Key Signs of Autism Masking in Educational Settings
1. The “Model Student” Paradox
One of the most counterintuitive signs of autism masking is the presence of a seemingly perfect student who demonstrates:
- Excessive compliance: Never questioning authority or expressing preferences
- Hypervigilance about rules: Becoming distressed when others break minor classroom rules
- Academic perfectionism: Showing extreme anxiety about making mistakes
- Social exhaustion: Appearing drained after social interactions or group activities
Those who haven’t experienced the frustration of being misunderstood as the parent of a child with Autism can find it hard to believe that the perfectly behaved little girl (and it is usually little girls) who keeps her head down at school and tries really hard to comply and ‘fit in’ with the other children can suddenly change when she comes out of school.
2. Context-Dependent Behavior Changes
Girls, mothers and educators reported that camouflaging varied according to context, with less need to camouflage at home: ‘at home I can be myself’, as one student explained. Teachers should watch for:
- Dramatic personality shifts: Students who are quiet and compliant at school but reportedly have meltdowns at home
- Weekend recovery patterns: Students who seem exhausted on Mondays or after school breaks
- Selective participation: Active engagement in some settings while withdrawal in others
3. Social Mimicry and Scripted Interactions
Women on the autism spectrum may mask themselves by rehearsing themselves in social situations. For example, they may practise their social behaviour by reducing their fidgeting and correcting their posture to fit in better.
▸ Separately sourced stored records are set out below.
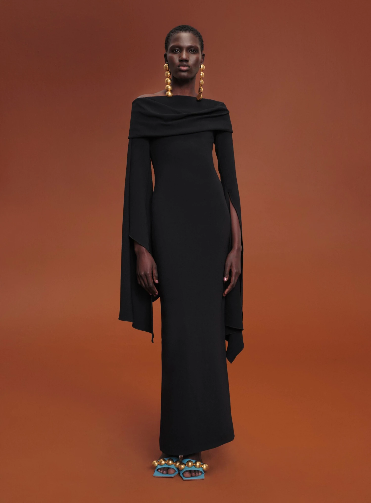 The Arden is a modern off the shoulder gown with soft pleat detailing and exaggerated asymmetric sleeves.
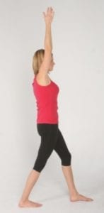 Step back with the right leg while raising the right arm over your head. Make sure both feet are facing forward and the hips are tucked under. Do not overly shrug the shoulder of the arm being raised. Complete the movement on the right side by stepping forward with the right leg while bringing the arm down then step backward with the left leg and raise the left arm to complete the movement on the left side. Repeat on both sides 3 – 5 times at least once per day.
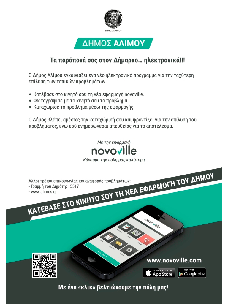 Ο Δήμος Αλίμου εγκαινιάζει την πρωτοποριακή νέα ηλεκτρονική εφαρμογή «novoville» για τον ταχύτερο εντοπισμό των τοπικών προβλημάτων και την άμεση επίλυσή τους.
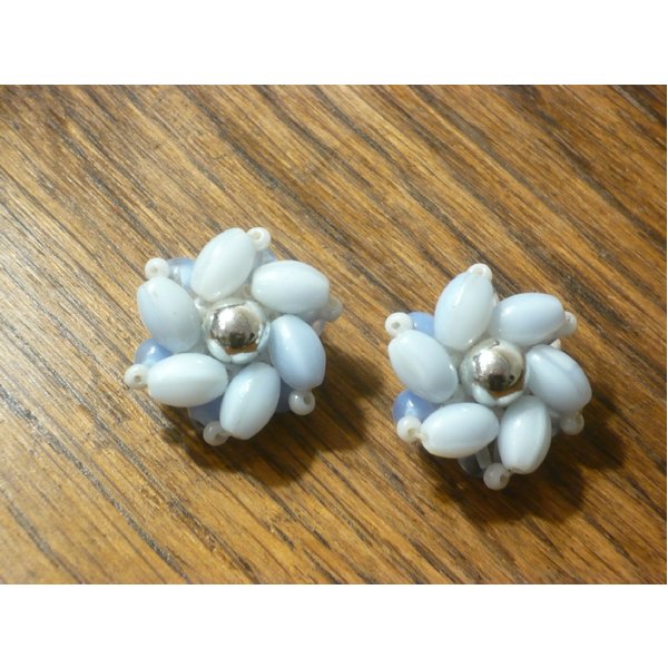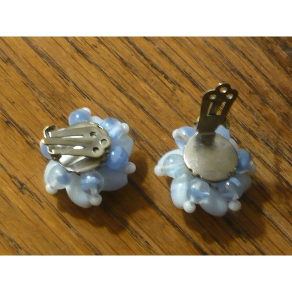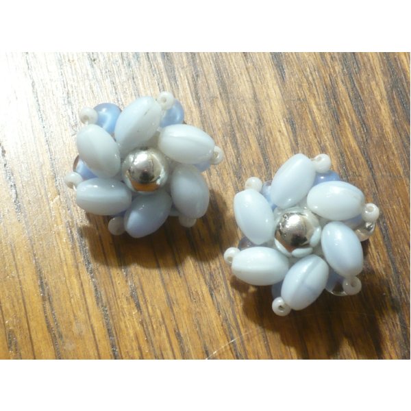 Ohrclips aus den 60er Jahren: hellblaue Glasperlen auf Perlon aufgefädelt wie Blumen.
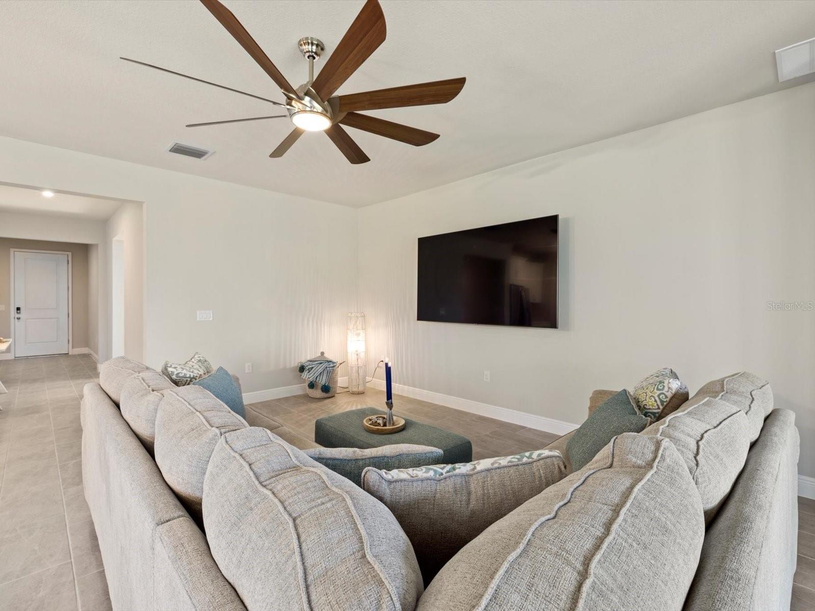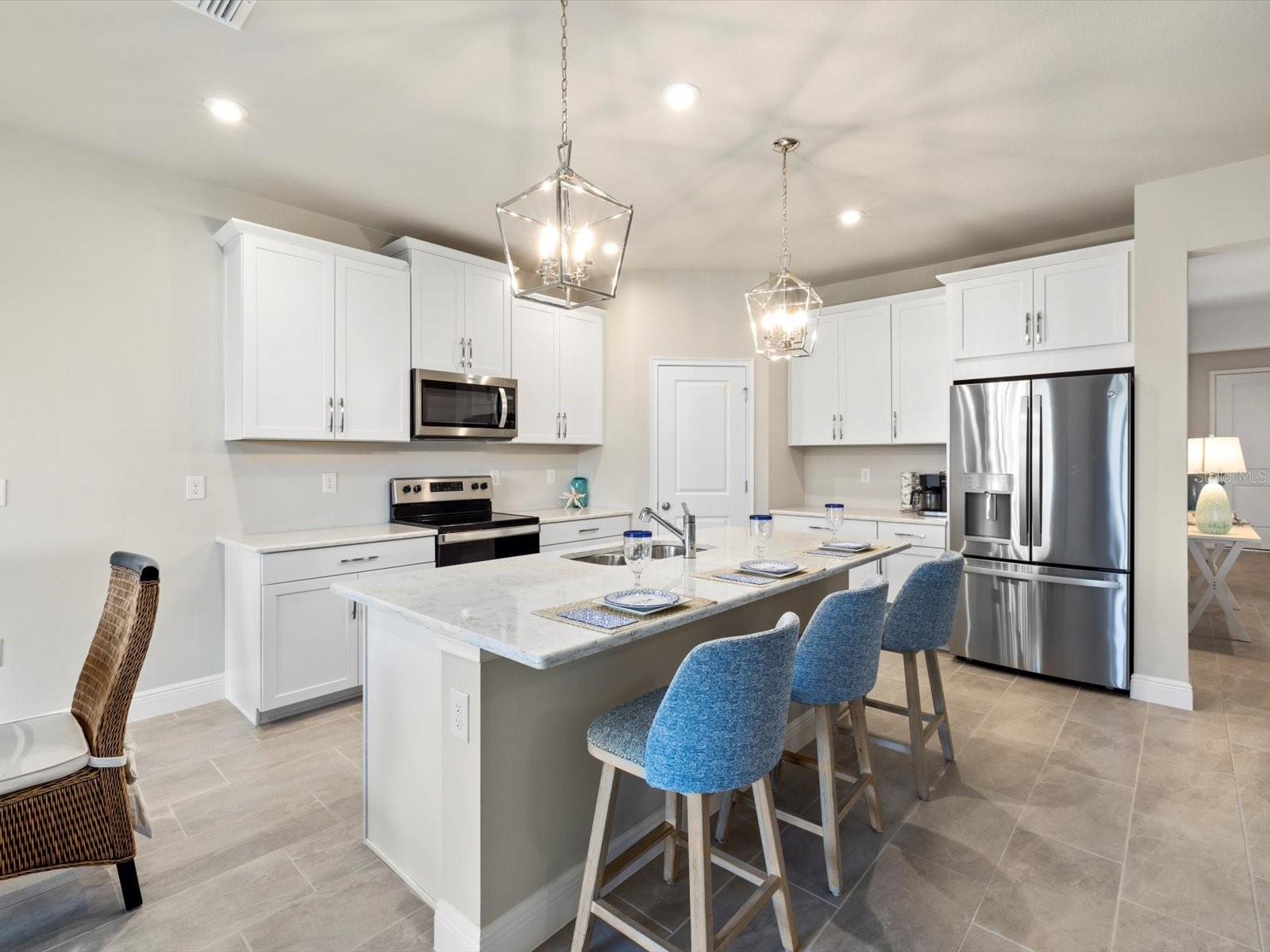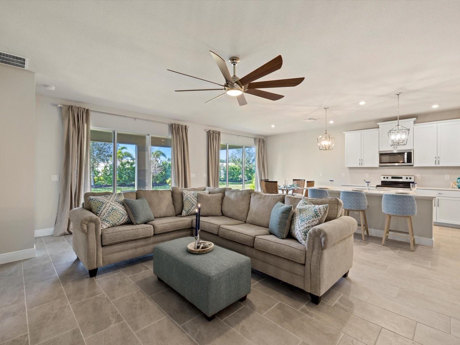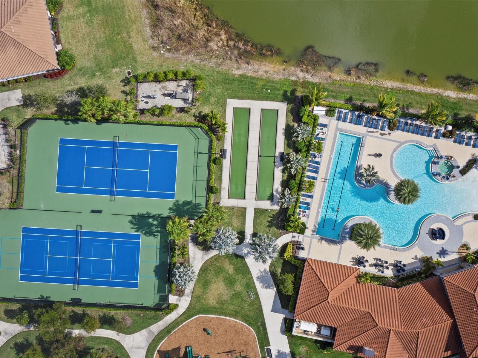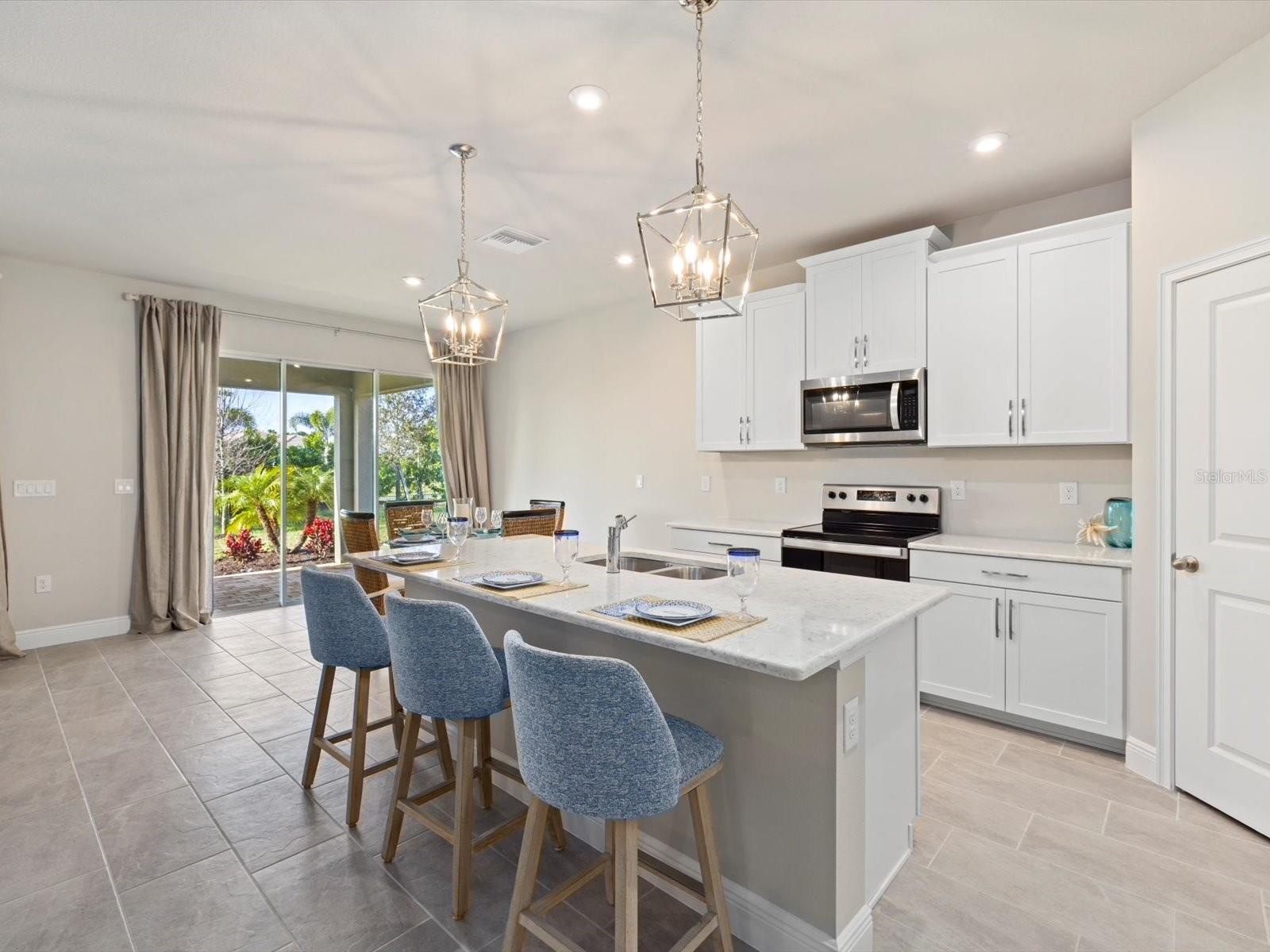 RESORT STYLE AMENITIES. MAINTENANCE FREE. EXTENDED LANAI. COVERED FRONT PORCH. 3 BEDROOM PLUS DEN/2 BATH/ 2 CAR GARAGE. SPLIT/OPEN FLOOR PLAN. Indulge in resort-style living with unparalleled convenience in the Renaissance Community at Wellen Park. This meticulously maintained, one-year-old home offers a plethora of amenities and an ideal location just under a mile from Costco. The community boasts resort-style amenities, including a pool and spa, a state-of-the-art fitness center, and outdoor recreation facilities such as tennis, pickleball, bocce ball, a fire pit, and a paw park. A full-time activities director ensures a vibrant social calendar, while the gated entry provides peace of mind. The prime location puts Costco within easy reach, less than a mile away, and CoolToday Park is just a short distance from home, hosting Atlanta Braves Spring Training games, holiday events, concerts, movie nights, and a year-round Tiki Bar. Nearby shopping includes Publix, an Italian restaurant, a frozen yogurt shop, a sushi bar, and a tap house. For a more extensive outing, take your golf cart to downtown Wellen Park for fine dining, boutique shopping, and live music on most nights. The home itself exudes comfort and convenience, featuring an extended lanai pre-plumbed for an outdoor kitchen, a covered front porch, a split/open floor plan, and a spacious 2,098 square foot Aurora II model layout. As you approach, a welcoming pavered driveway leads to the covered front porch. Inside, a spacious foyer opens to a true split floor plan with guest bedrooms at the front and a full bathroom with a shower/tub combination. A large den/office/bonus room offers versatile space, while the kitchen, living, and dining areas are bathed in natural light through double sets of sliding glass doors. The kitchen is adorned with quartz countertops, stainless steel appliances, designer pendant lighting, and a large corner pantry. The expansive living area features a designer ceiling fan, and the primary suite boasts dual vanities, an oversized walk-in shower, a linen closet, a separate water closet, and a walk-in closet. This home is a must-see in the highly sought-after Renaissance Community, where resort-style living and unparalleled convenience converge. Copy and Past this link for a video https://iframe.videodelivery.net/6292065d851de0046d982f16e1a322ff

Alongside that, they may also adopt rehearsed catchphrases, such as “good grief”, “interesting” or “that’s amazing”. By doing this, they can hold and continue conversations with people around them.
Signs include:
- Delayed social responses: Taking time to process and formulate “appropriate” reactions
- Repetitive phrases or gestures: Using the same social scripts repeatedly
- Observational behavior: Spending significant time watching others before participating
- Interest suppression: Having intense special interests but feeling the need to minimize or hide them to fit in with friends
4. Communication and Eye Contact Patterns
Women with autism might force themselves to make eye contact in one-to-one conversations in order to appear more engaged with the person they’re speaking to, even if they feel like it’s a challenge to do so. Educators should note:
- Forced eye contact: Brief, uncomfortable-looking attempts at eye contact followed by looking away
- Scripted responses: Developing a bank of scripted answers to answer questions, such as “I’m fine, thank you”, “This sounds amazing” or “It’s so nice to see you”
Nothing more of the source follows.